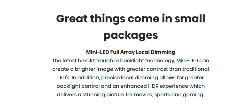 Mini-LED with Hi-View Local Dimming: Mini-LED is the latest breakthrough in backlighting technology. By utilizing LED’s that are significantly smaller than traditional LED’s we are able to use many more LED’s to create a bright image that distributes the light more evenly for a uniform image across the screen.
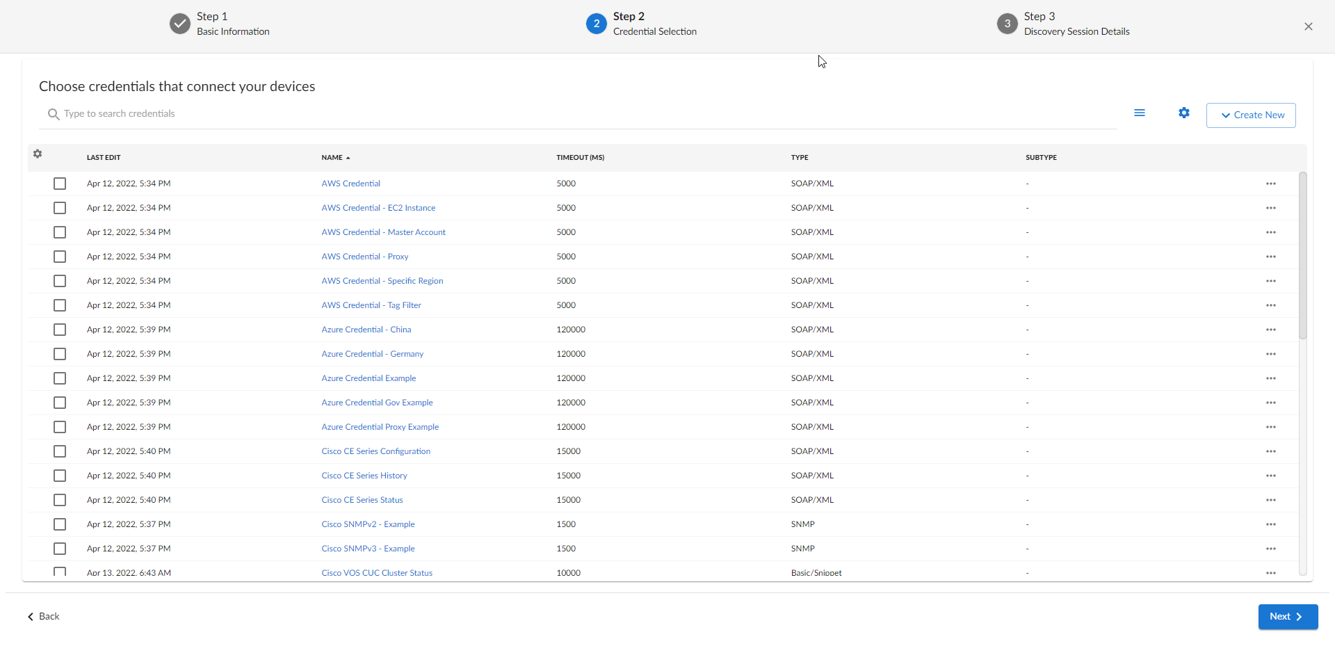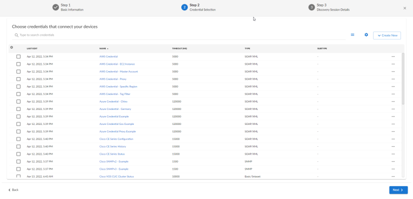 1. On the Select Credentials page, locate and select the credential(s) you created for the device clusters.
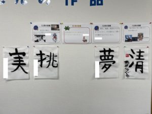 来月の目標の下に貼らせていただきました。この字を見て、来年どう行動していくのか考えていただきたいです。
□ □ □ □ □
*Task instructions:*
Word for word, reproduce all the data, but not the pictures.

*Result for this exercise:*
 Mini-LED with Hi-View Local Dimming: Mini-LED is the latest breakthrough in backlighting technology. By utilizing LED’s that are significantly smaller than traditional LED’s we are able to use many more LED’s to create a bright image that distributes the light more evenly for a uniform image across the screen.
 1. On the Select Credentials page, locate and select the credential(s) you created for the device clusters.
 来月の目標の下に貼らせていただきました。この字を見て、来年どう行動していくのか考えていただきたいです。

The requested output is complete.